WORK ITEM:
Retype the opening lines of the data exactly, stopping after the line that contains "一見飲料メーカー「コカ・コー". Skip every picture.

DATASET EXCERPT:
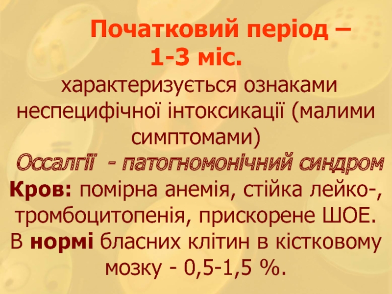 виникає з кровотворної клітини і пошкоджуює в першу чергу кістковий
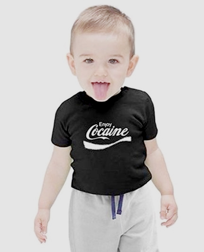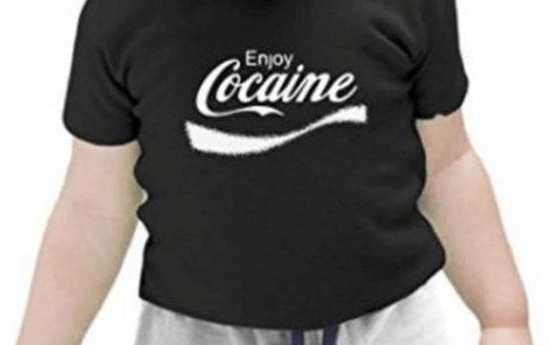 一見飲料メーカー「コカ・コーラ」のマークがデザインされているように見えるこの服。しかし、このTシャツに書かれている文字は「コカ・コーラ」ではなく「コカイン」。さらに上のほうには小さく「エンジョイ」と書かれ、「コカイン」という文字の下には白い粉を思わせるようなラインが引かれており、「コカ・コーラ」Tシャツどころか、「エンジョイ・コカイン」Tシャツだった。
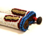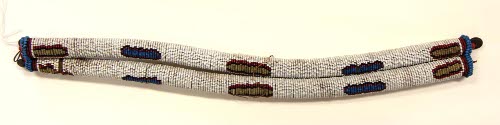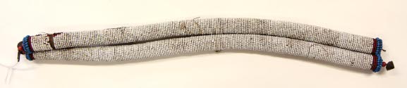 DescriptionTwo beaded rope stitched together at the ends; Background of white beads; Each roll has 5 colored motifs of three colors; On both ends and in the center are oblong-shaped motifs of red, black and vaseline yellow; Two motifs black, red and sky blue between; Ends bordered with 2 rows of sky blue and translucent red; Brass buttons attached with 2 large (6mm) translucent red wtih white core beads, and loopsOn View
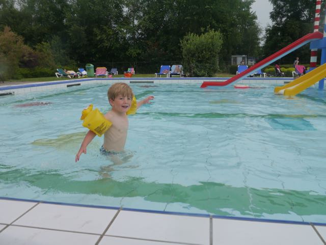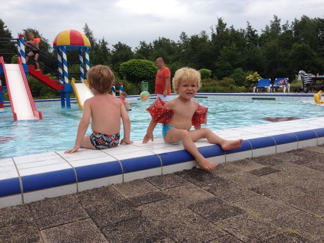 Ik heb een bal gevonden en ben vastberaden de bal mee te nemen naar huis en loop, nadat papa het zwembad heeft gevonden, al dribbel met de bal aan m’n voet achter ze aan. “neej Jay” zegt Dzjez, “dat mag niet”. Niet leuk! Maar gelukkig hebben we het zwembad en als we buiten komen zien we een hele grote trein voorbij rijden! Een vrachttrein met wel 100 wagentjes! Dat is wat anders dan die 7 wagentjes van het machinistje dat aan de wieletjes draait!

ANSWER TO THE EXERCISE:
 виникає з кровотворної клітини і пошкоджуює в першу чергу кістковий
 一見飲料メーカー「コカ・コーラ」のマークがデザインされているように見えるこの服。しかし、このTシャツに書かれている文字は「コカ・コーラ」ではなく「コカイン」。さらに上のほうには小さく「エンジョイ」と書かれ、「コカイン」という文字の下には白い粉を思わせるようなラインが引かれており、「コカ・コーラ」Tシャツどころか、「エンジョイ・コカイン」Tシャツだった。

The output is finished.